- **EXERCISE REQUIREMENTS**: Return the listing exactly, please; no pictures.

- **INFORMATION SUPPLIED**:
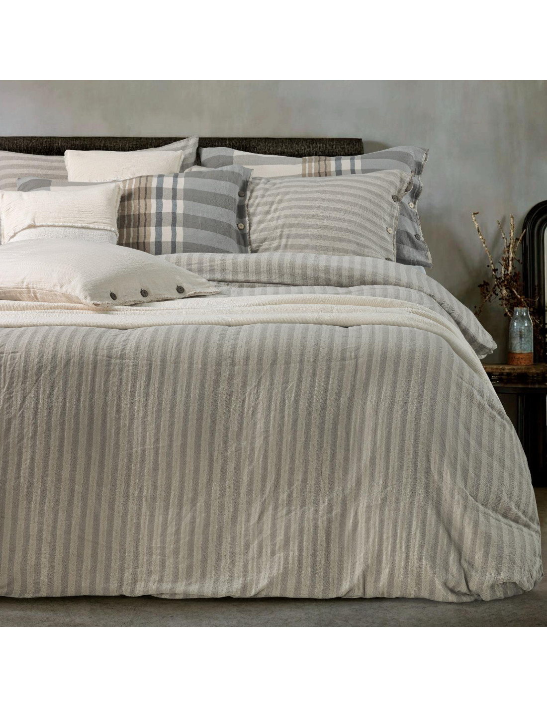 Una novità raffinata ed elegante per la tua camera da letto.Questo copripiumino è realizzato in puro cotone tinto in filo, con una speciale lavorazione effetto lino che dona un look vissuto e naturale, senza rinunciare alla morbidezza.
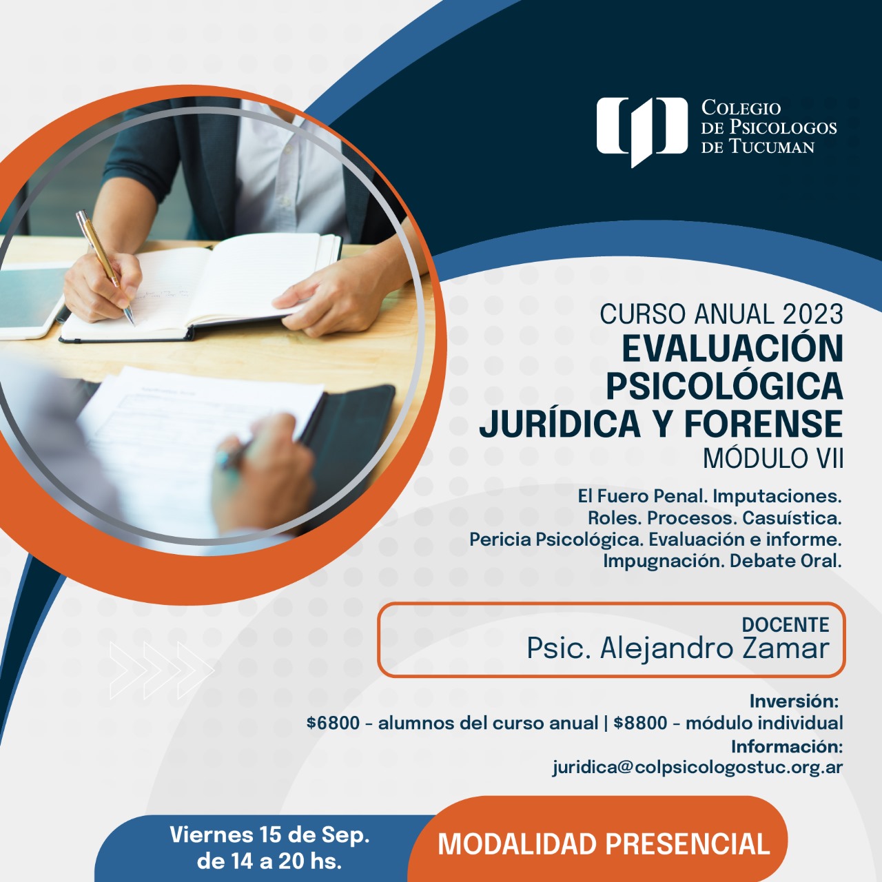 El Fuero Penal. Imputaciones. Roles. Procesos. Casuística. Pericia Psicológica. Evaluación e informe. Impugnación. Debate Oral.
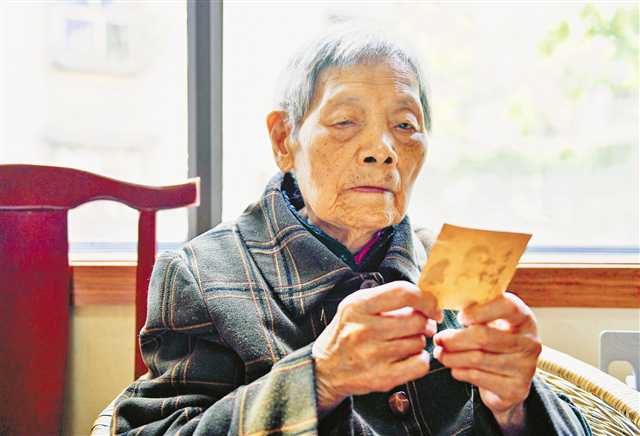 九龙坡区老年公寓5楼,百岁老人李肇庄缓缓将被褥挪至一旁,小心翼翼地从一个文件袋里拿出珍藏多年的几样物品,平整地铺开在床板上——

- **TASK RESULT**:
 Una novità raffinata ed elegante per la tua camera da letto.Questo copripiumino è realizzato in puro cotone tinto in filo, con una speciale lavorazione effetto lino che dona un look vissuto e naturale, senza rinunciare alla morbidezza.
 El Fuero Penal. Imputaciones. Roles. Procesos. Casuística. Pericia Psicológica. Evaluación e informe. Impugnación. Debate Oral.
 九龙坡区老年公寓5楼,百岁老人李肇庄缓缓将被褥挪至一旁,小心翼翼地从一个文件袋里拿出珍藏多年的几样物品,平整地铺开在床板上——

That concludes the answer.